Erste Kritiker meldeten sich schon kurz nach Spahns Vorstoß zu Wort. „Die Widerspruchslösung missachtet das Selbstbestimmungsrecht der Bürgerinnen und Bürger und verkehrt die freie Entscheidung, Organe zu spenden, damit ins Gegenteil“, erklärte die gesundheitspolitische Sprecherin der FDP, Christine Aschenberg-Dugnus. „Es mangelt nicht am Willen der Bürger, sondern am Organisationsablauf in den Kliniken.“

Auch die Grünen-Gesundheitspolitikerin Kirsten Kappert-Gonther forderte, zunächst die Abläufe in den Krankenhäusern zu verbessern. „Das hilft allen Menschen, die händeringend auf ein Organ warten, bedeutend mehr, als alle Menschen pauschal zu Organspendern zu erklären“, sagte sie.

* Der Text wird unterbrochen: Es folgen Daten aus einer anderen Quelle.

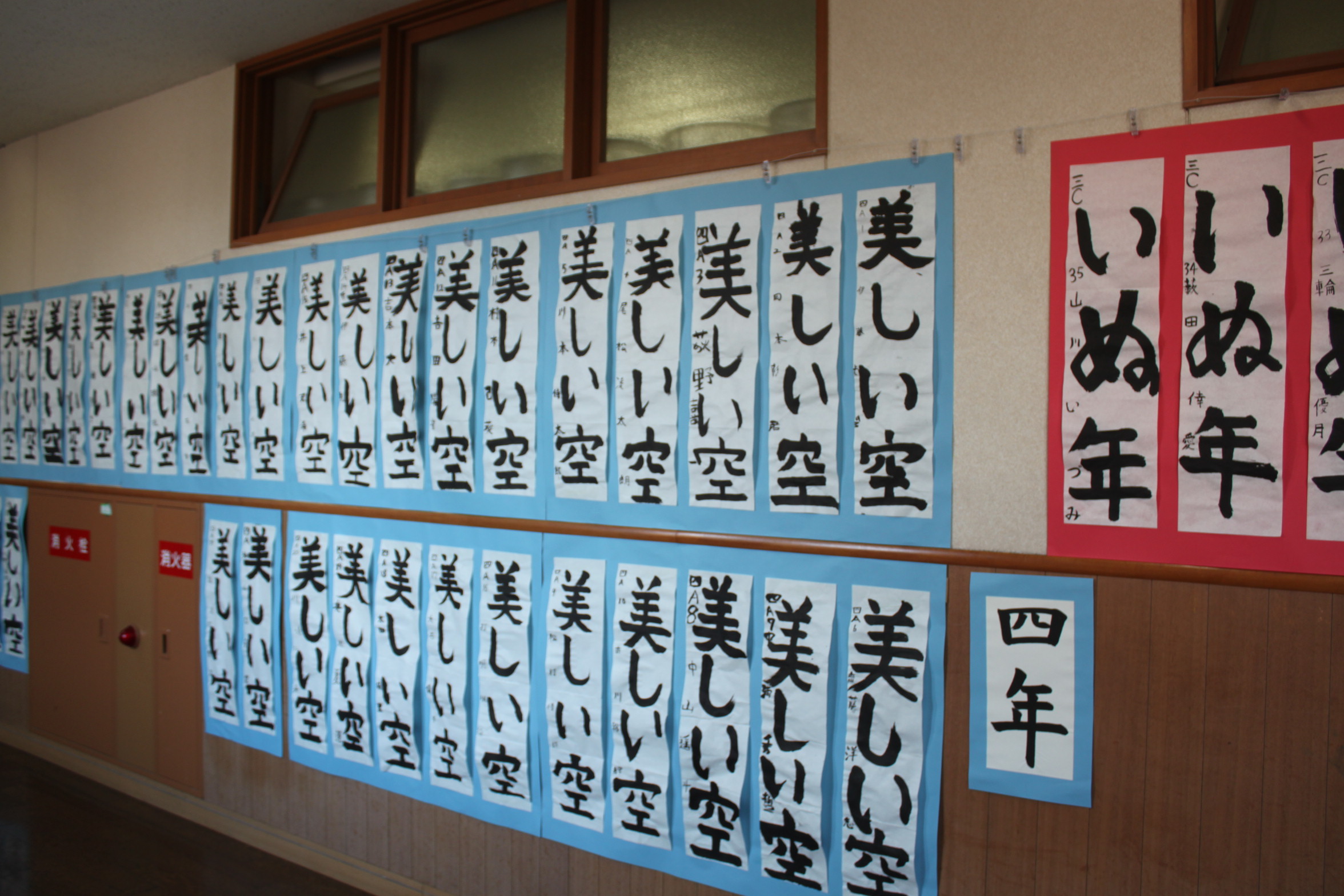 児童たちが書道の時間に丁寧に書いた作品が、展示されています。

Spahn ist auch auf diesem Feld aktiv. Vergangene Woche schickte er den Fraktionen von Union und SPD den Entwurf für ein Gesetz, das Hindernisse für Organspenden in deutschen Kliniken ausräumen soll.

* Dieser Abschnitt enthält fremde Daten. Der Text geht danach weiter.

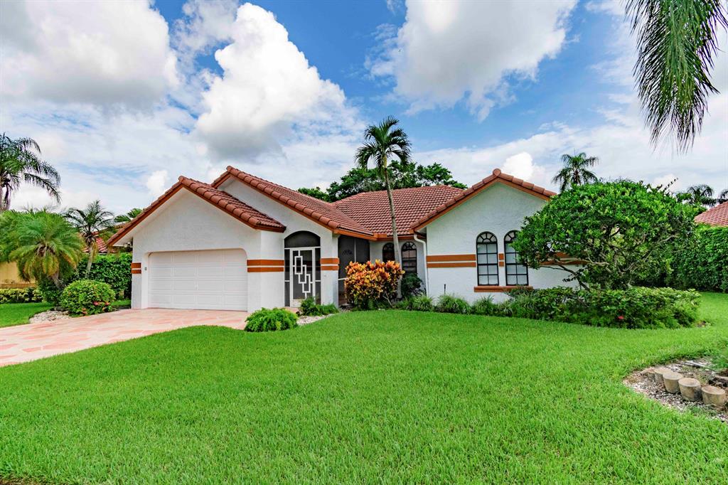 NO MEMBERSHIP REQUIRED to live in this beautiful BOCA GREEN COUNTRY CLUB COMMUNITY...Great golf course view with no required membership.. 3/2 screened pool home with two car garage.. New paint .. open floor plan with vaulted ceiling.. newer roof, newer driveway and pool deck.. Hurricane proof french doors to the pool off the living room...Low HOA fee includes Internet plus premium cable and access to their apps, various other stations..

Der Minister plant unter anderem, die Rolle von Transplantationsbeauftragten in Krankenhäusern zu stärken. Kliniken, in denen Organe entnommen werden, sollen bessere Vergütungen von den Krankenkassen erhalten.

Gerade kleineren Krankenhäusern ohne die nötige Expertise soll ein neuer Bereitschaftsdienst mit medizinischen Fachleuten helfen, die Voraussetzung für eine Organentnahme festzustellen: den endgültigen, nicht behebbaren Ausfall der Hirnfunktion.